In the context of what’s written, it should mean the amount of time between when the CPU can start the process of handling one instruction and when it can do the same for the one that follows. If that explanation sounds vague, the reason is that it’s going to vary a lot by architecture.
Say you have some instructions to run on a fictional CPU with numbered registers where fetch and decode (F&D) always takes three units of time and execution takes ten:
ADD R1, R2 ; R1 ← R1 + R2
LOAD R3, 0 ; R3 ← 0
LSR R4, 3 ; R4 ← R4 shifted 3 bits to the right
On a simplistic design that doesn’t parallelize anything, the total time to run this snippet of code is 39 units: 3+10 (F&D plus execute) for the ADD
, 3+10 for the LOAD
and 3+10 for the LSR
.
At some point, CPU designers noticed their chips had hardware that sat idle while instructions executed and figured out that nothing was stopping from from using it to execute later instructions that weren’t dependent on the outcome of those that came before. In the example above, none of the instructions have anything in common with the others. All of the registers involved are unique, as are what the instructions do. (For the sake of simplicity, let’s say ADD
, LOAD
and LSR
all use different hardware to execute.) This means they can all go through the execution phase in parallel without producing the wrong results.

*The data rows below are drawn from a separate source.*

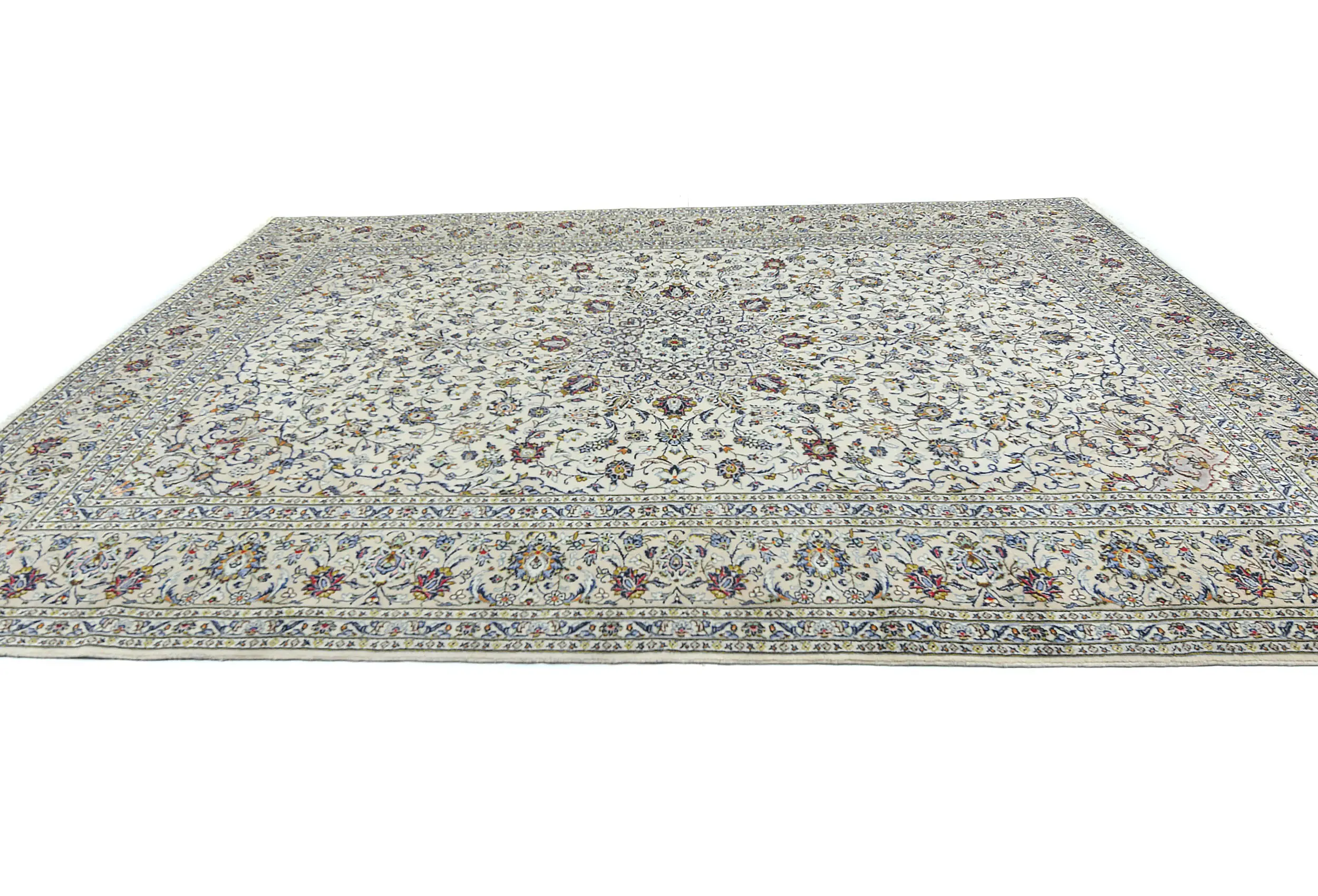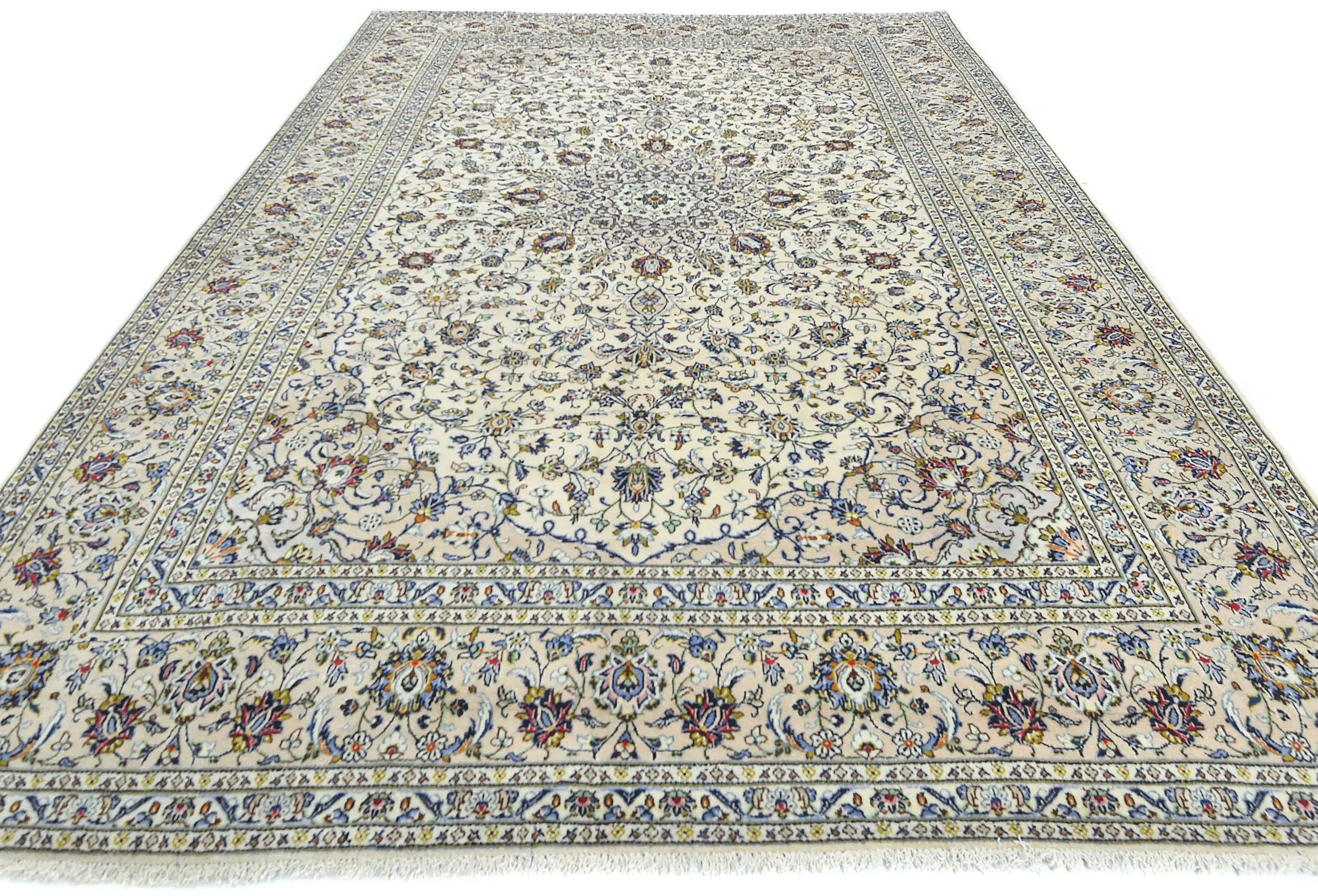 Vintage Cream Traditional Floral 10X13 Kashan Persian Rug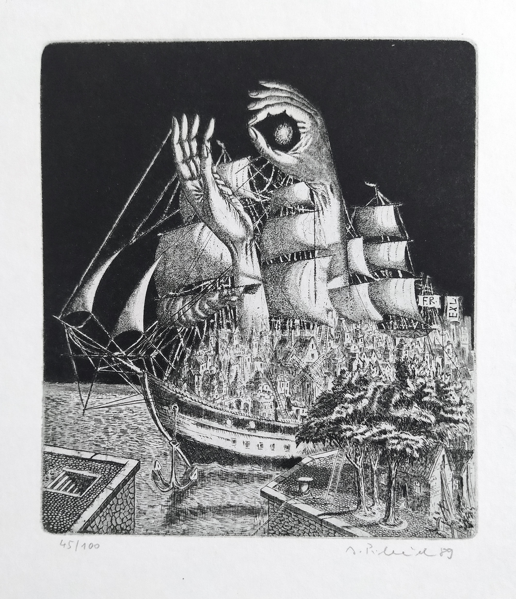 Pileček Jindřich – Ex libris F. R., původní lept, č. 45/100, 1989. Signováno tužkou vpravo dole s datací. Celkový rozměr: 24,8 cm × 16,3 cm.
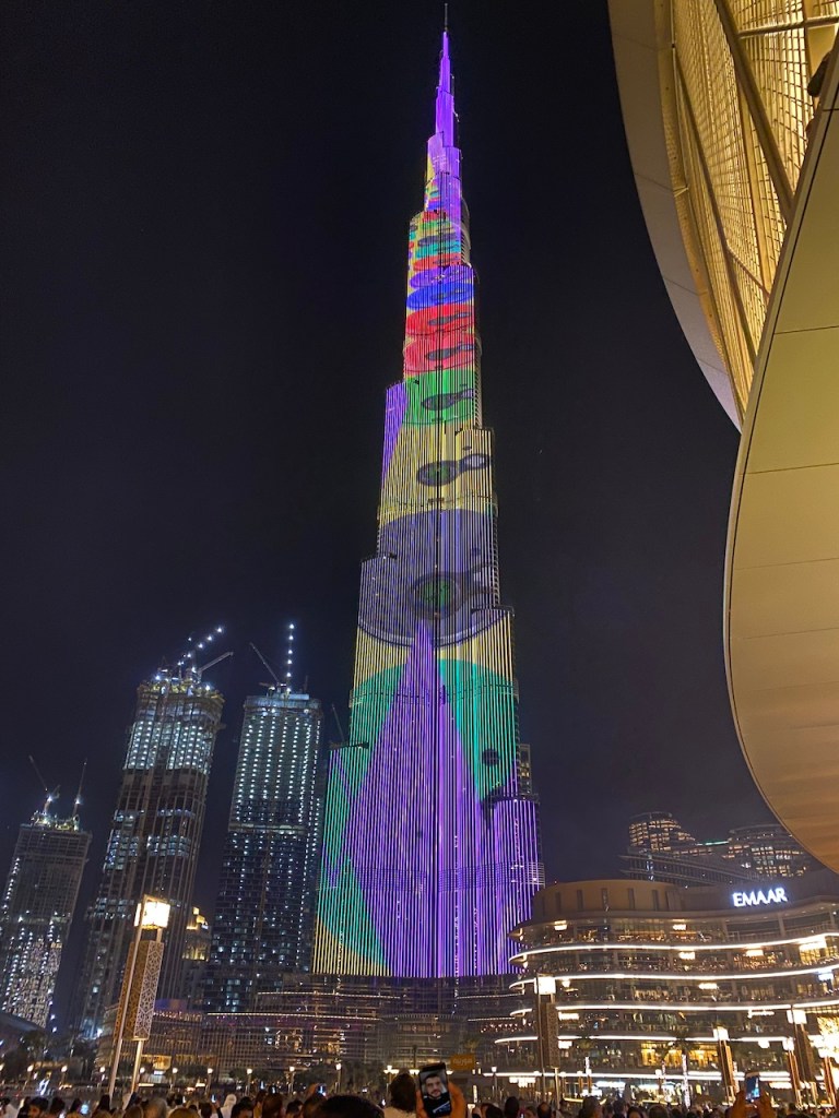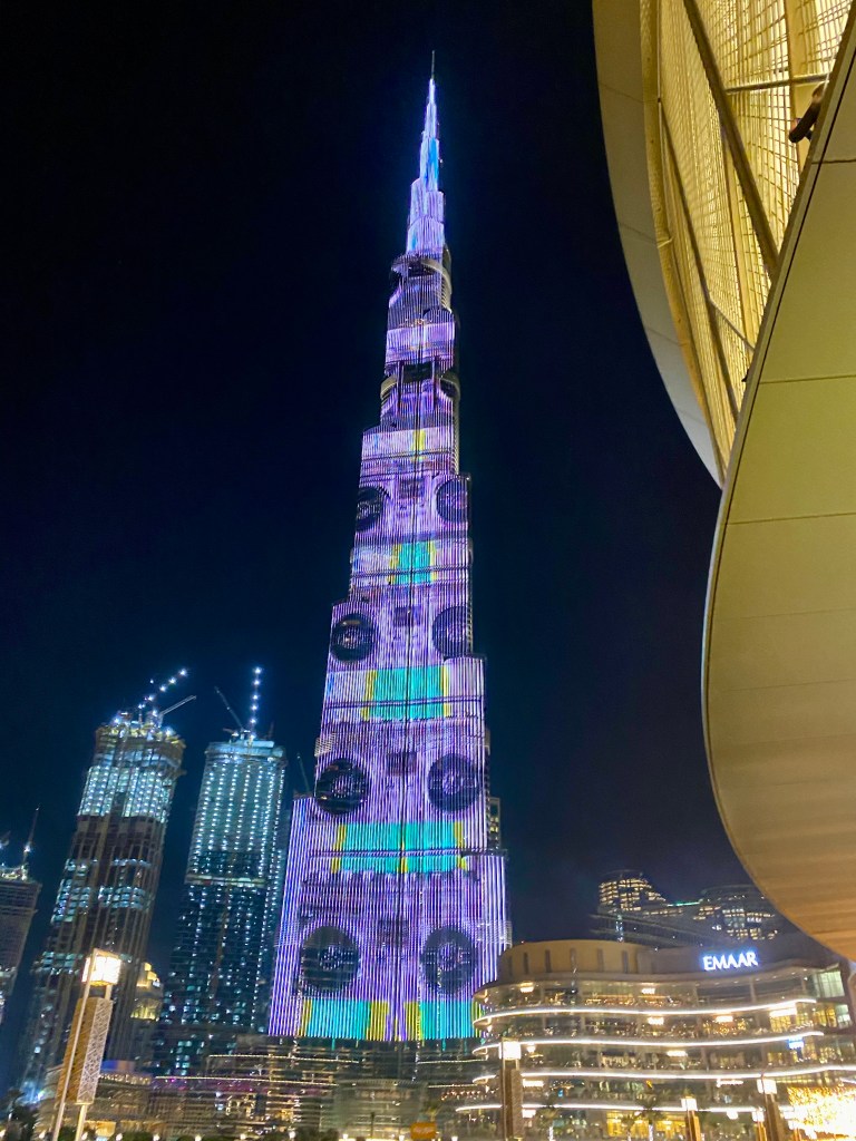 Out exploration led us to fancy lighting. Unaware, turning around, we saw the tallest skyscraper in the world, Burj Khalifa. The backdrop featured an amazing light show accompanied by water fountains. After enjoying an unexpected and delightful spectacle, we headed back to our apartment.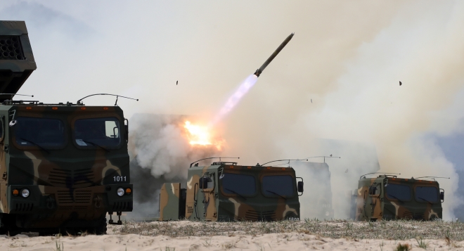 강원도 고성군 송지호 해변에서 열린 지·해 합동해상사격훈련에서 다연장로켓 ‘천무’가 발사되고 있다. 연합뉴스. |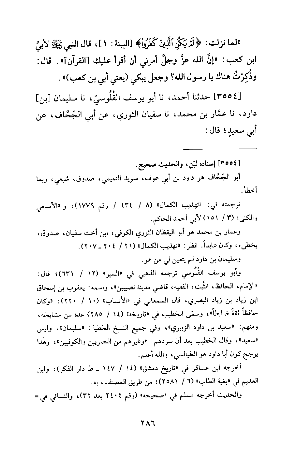 3554 - حَدَّثَنَا أَحْمَدُ، نا أَبُو يُوسُفَ الْقُلُوسِيُّ، نا سُلَيْمَانُ بْنُ دَاوُدَ، نا عَمَّارُ بْنُ مُحَمَّدٍ، نا سُفْيَانُ الثَّوْرِيُّ، عَنْ أَبِي الْجَحَّافِ، عَنْ أَبِي سَعِيدٍ؛ قَالَ: -[287]- نَزَلَتْ: {إِنَّمَا يُرِيدُ اللهُ لِيُذْهِبَ عَنْكُمُ الرجس أهل البيت} [الأحزاب: 33] فِي خَمْسَةٍ: فِي رَسُولِ اللهِ صَلَّى اللَّهُ عَلَيْهِ وَسَلَّمَ، وَعَلِيٍّ، وَفَاطِمَةَ، وَالْحَسَنِ، وَالْحُسَيْنِ، رِضْوَانُ اللهِ عَلَيْهِمْ أَجْمَعِينَ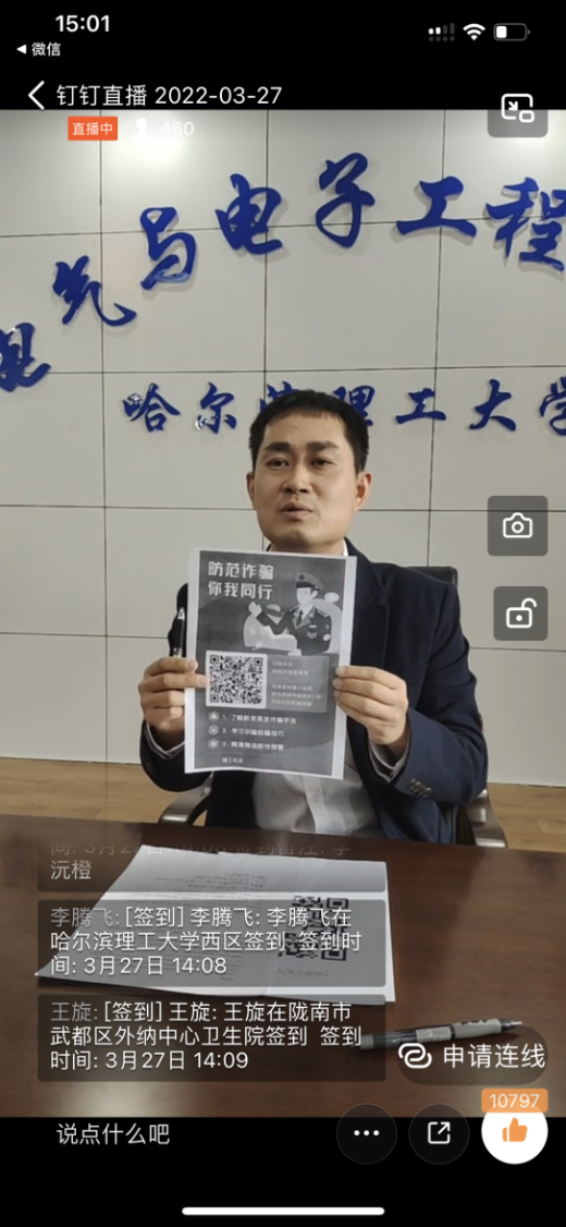 讲座结束后,周广老师首先代表同学们对张勇老师的精彩讲座表示感谢,再次强调疫情防控期间,同学们要严格遵守校规校纪,积极参加线上课程,体现新时代青年的勤学奋斗精神;杜绝私自外出等不当行为,体现新时代青年的综合素质;按要求报备行程、参加核酸检测,体现新时代青年的担当。最后向同学们介绍了“金钟罩”小程序、“哈理工电气”微信公众号、学校心理援助热线及心理咨询线上预约方式。本次安全主题讲座帮助同学们更好地了解新型诈骗手段,辨别诈骗信息,拒绝诈骗行为,缓解心理压力。(摄影:陈育杰)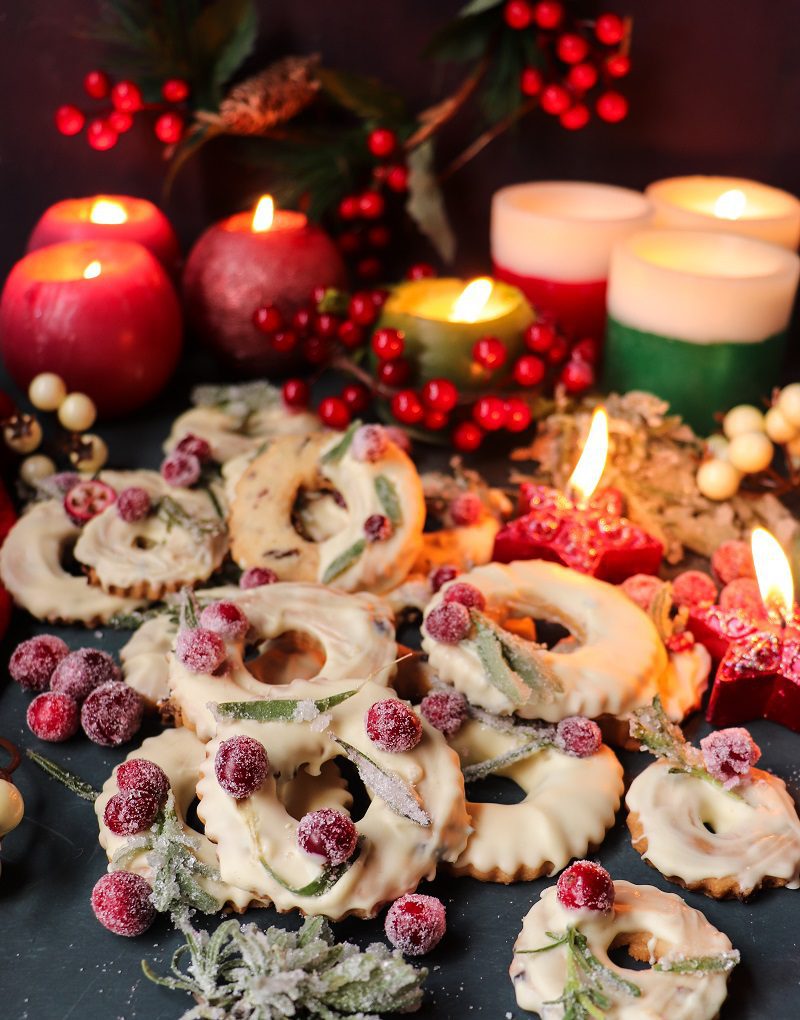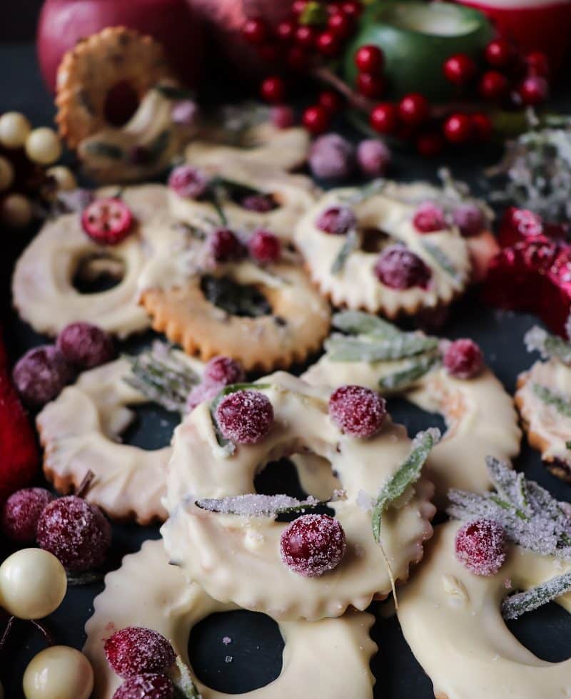 Normally, I am not into decorating my Christmas cookies. But when I saw few ideas for cookie wreaths on the Internet, I could not resist! They look super festive and elegant. Basically, you will only need white chocolate and some sugared cranberries and sugared rosemary (optional).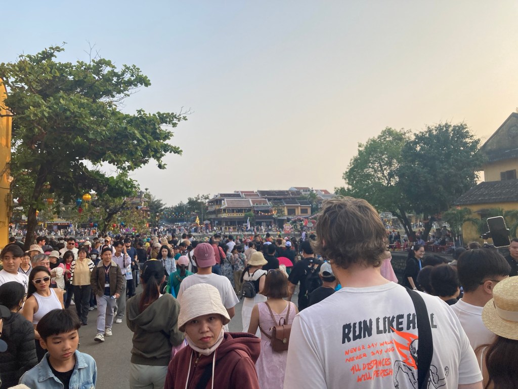 La vieille ville est bondée à cette heure : nous sommes samedi à 17h13 et les touristes venant du monde entier affluent autour de Thu Bồn River pour assister au défilé des barques éclairées par les lanternes typiques.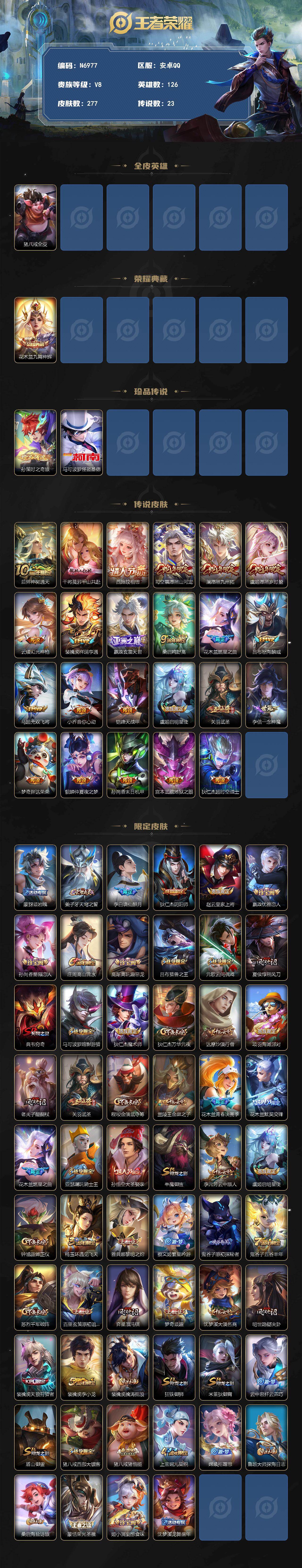 V8-最强王者段位-126英雄-277皮肤-1典藏皮肤-2珍品传说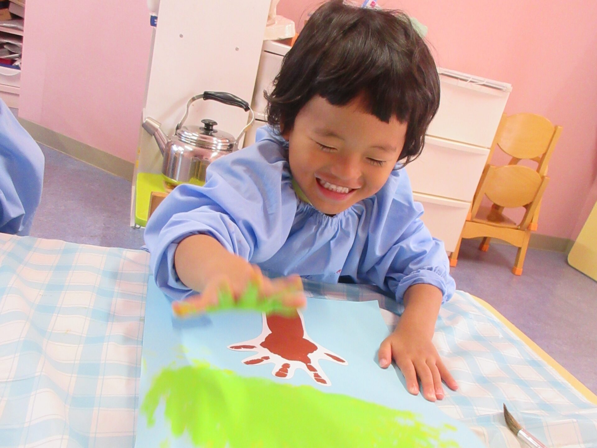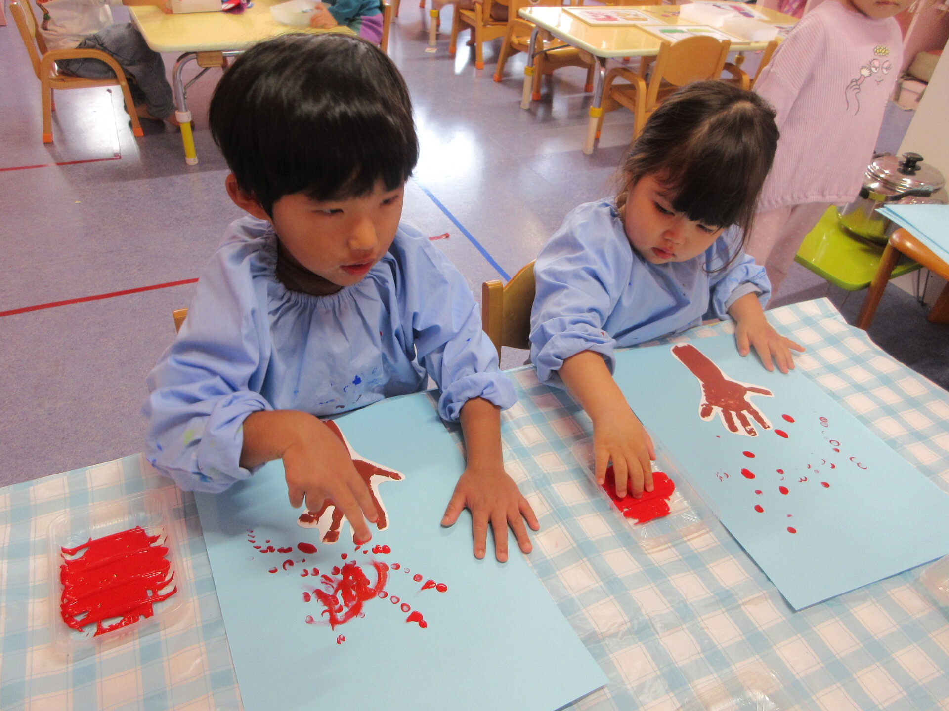 絵の具を使った製作を楽しむ、あめチーム(2歳児)!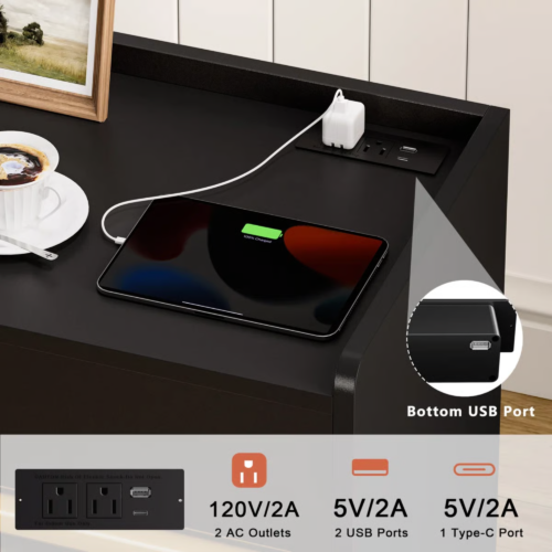 - 【Convenient Built-in Outlet】A built-in power outlet allows for easy charging of electronic devices such as phones, lamps, or other gadgets, keeping your space neat and organized without the hassle of extra cables.

Three instructions executing in perfect, not-of-this-world parallel would take a total of 13 units of time, a 66% time savings over the non-parallelized CPU. That’s quite an improvement until the real world intrudes and you realize that you can’t do all of the F&D phase in parallel because you’d have no idea if the LOAD
instruction is going to use the same registers as the ADD
above it. To prevent that, F&D must be done serially. Once you’ve determined that it doesn’t depend on anything prior, you can send it off for execution and go F&D the next one.
The first instruction takes three units for F&D and then is sent somewhere else in the processor to be executed. Then the second F&D can go ahead for another three time units and then the third for the same. At that point, we’ve spent nine units of time on F&D. Because the third instruction was the last to be decoded, we have to wait another ten units after that for it to execute. That means the last instruction will finish executing 19 time units after F&D starts on the first one. That’s still a not-too-shabby savings of 51% over doing everything serially.
When you’re able to execute a lot of instructions in parallel, how long the instructions take to execute becomes a bit less relevant than how long it takes to start (issue) them. Start time has become more critical because every unit of time spent evaluating whether or not an instruction can be executed is time the execution hardware won’t be busy. If the designers of our fictitious CPU find a way to cut a time unit out of that phase, the total time for the three instructions in the example drops from 19 to 16, which is nothing to sneeze at. Chop out one more and you’re down to 13.
Does “execute an instruction” mean only step 6 in the fetch-decode-execute cycle ?
For the purposes of this discussion, it would be reasonable to say it means using the hardware in the CPU to carry out the instruction’s wishes.